[Start of Attachment]

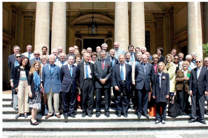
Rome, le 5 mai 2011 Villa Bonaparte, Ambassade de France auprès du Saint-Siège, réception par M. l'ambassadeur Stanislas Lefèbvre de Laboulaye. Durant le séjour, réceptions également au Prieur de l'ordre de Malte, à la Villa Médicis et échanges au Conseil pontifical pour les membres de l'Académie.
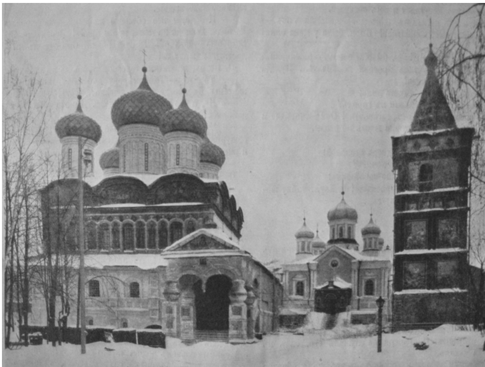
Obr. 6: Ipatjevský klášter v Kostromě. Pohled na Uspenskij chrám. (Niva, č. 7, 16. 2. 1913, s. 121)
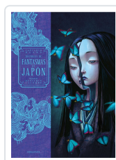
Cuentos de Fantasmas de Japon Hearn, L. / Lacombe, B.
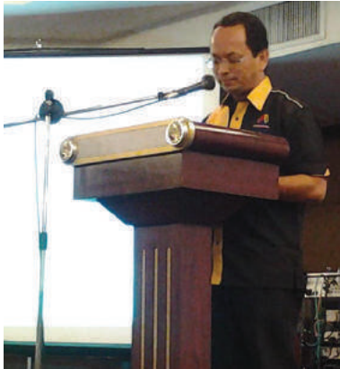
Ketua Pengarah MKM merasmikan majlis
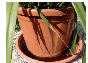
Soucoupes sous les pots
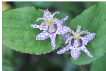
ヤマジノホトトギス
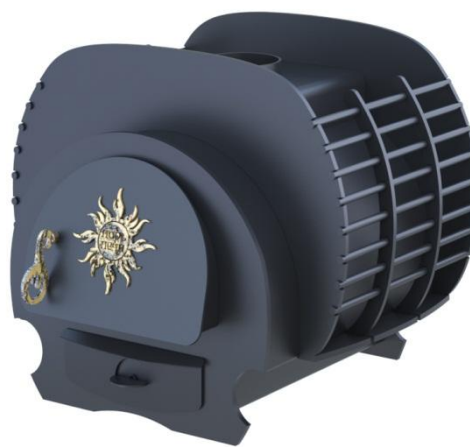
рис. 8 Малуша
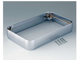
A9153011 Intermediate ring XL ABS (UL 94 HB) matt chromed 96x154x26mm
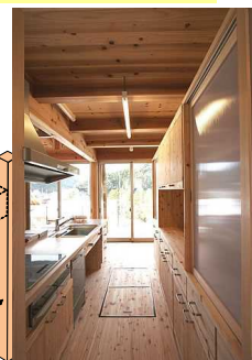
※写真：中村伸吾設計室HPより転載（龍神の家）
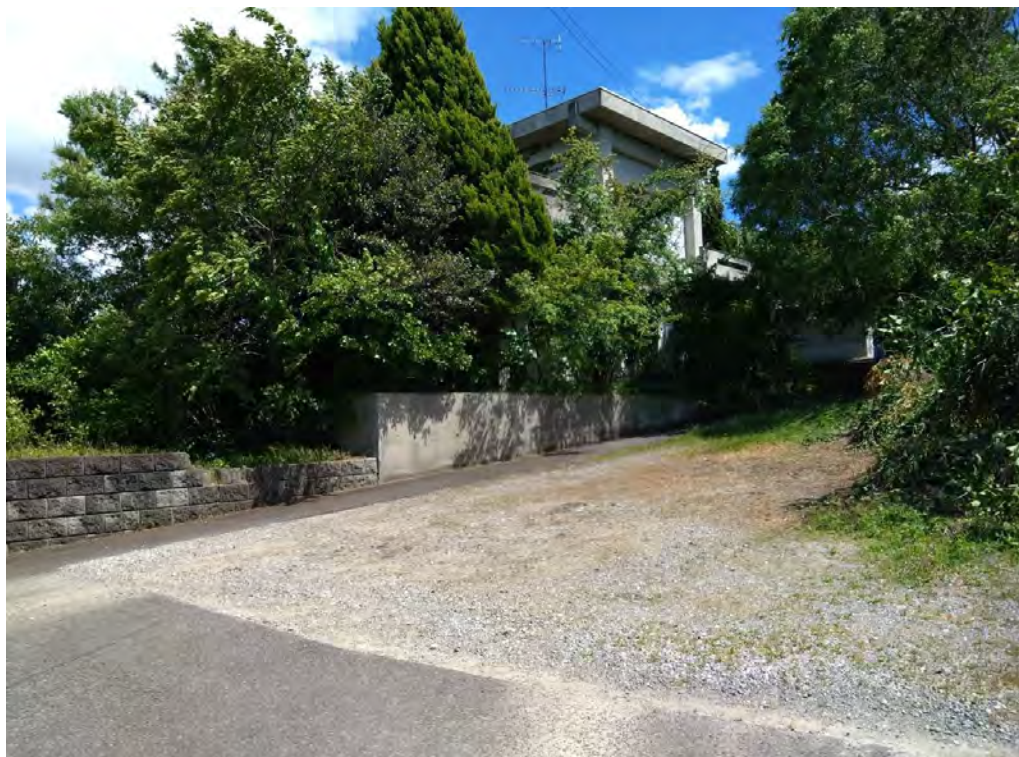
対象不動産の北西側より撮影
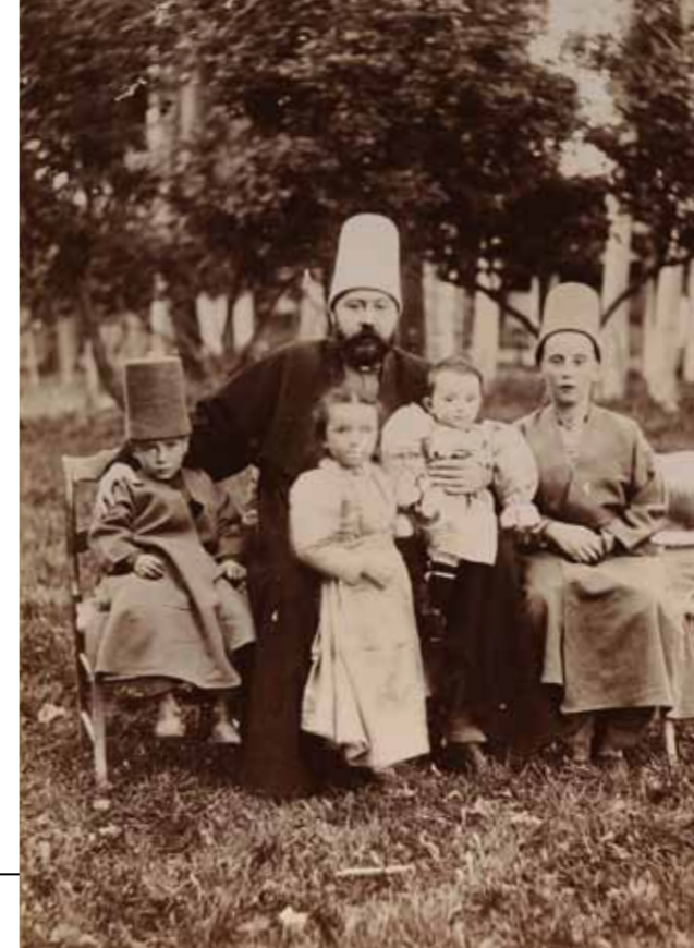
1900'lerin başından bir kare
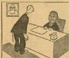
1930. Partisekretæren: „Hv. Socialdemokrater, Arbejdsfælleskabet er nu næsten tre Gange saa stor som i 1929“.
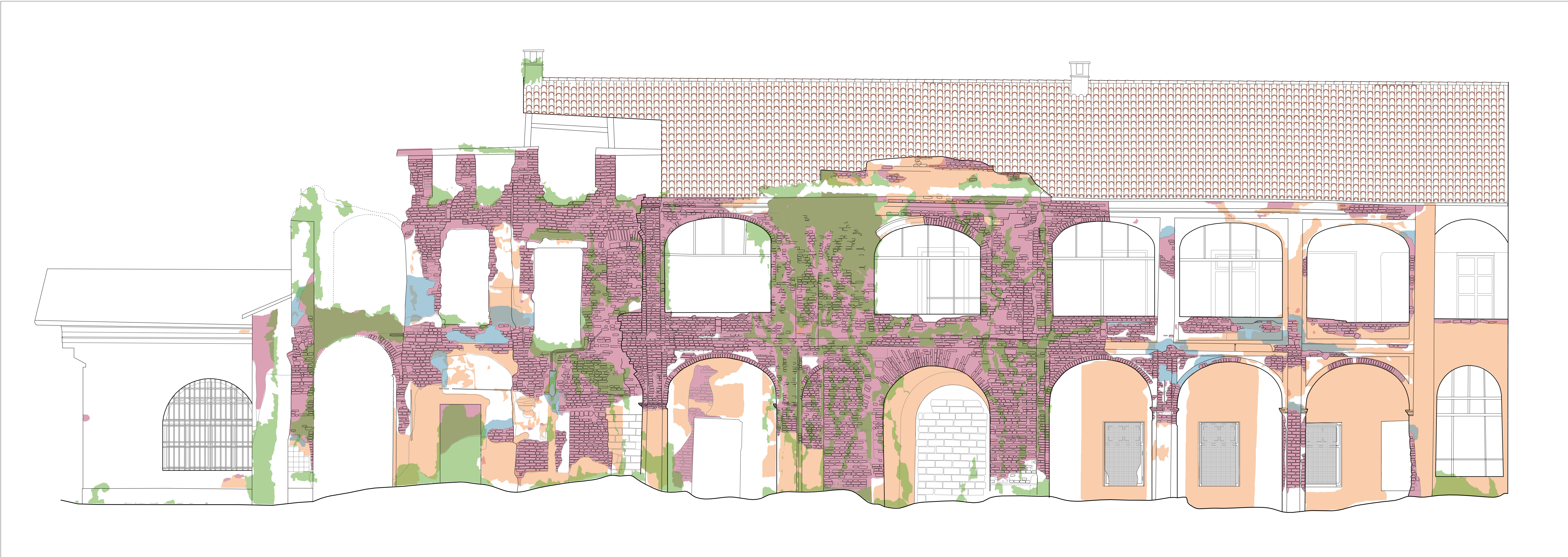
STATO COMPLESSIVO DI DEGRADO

[End of Attachment]

● **Instructions to follow**: Would you restate the listing word for word and leave every picture out?

● **Task result**:
Rome, le 5 mai 2011 Villa Bonaparte, Ambassade de France auprès du Saint-Siège, réception par M. l'ambassadeur Stanislas Lefèbvre de Laboulaye. Durant le séjour, réceptions également au Prieur de l'ordre de Malte, à la Villa Médicis et échanges au Conseil pontifical pour les membres de l'Académie.
Obr. 6: Ipatjevský klášter v Kostromě. Pohled na Uspenskij chrám. (Niva, č. 7, 16. 2. 1913, s. 121)
Cuentos de Fantasmas de Japon Hearn, L. / Lacombe, B.
Ketua Pengarah MKM merasmikan majlis
Soucoupes sous les pots
ヤマジノホトトギス
рис. 8 Малуша
A9153011 Intermediate ring XL ABS (UL 94 HB) matt chromed 96x154x26mm
※写真：中村伸吾設計室HPより転載（龍神の家）
対象不動産の北西側より撮影
1900'lerin başından bir kare
1930. Partisekretæren: „Hv. Socialdemokrater, Arbejdsfælleskabet er nu næsten tre Gange saa stor som i 1929“.
STATO COMPLESSIVO DI DEGRADO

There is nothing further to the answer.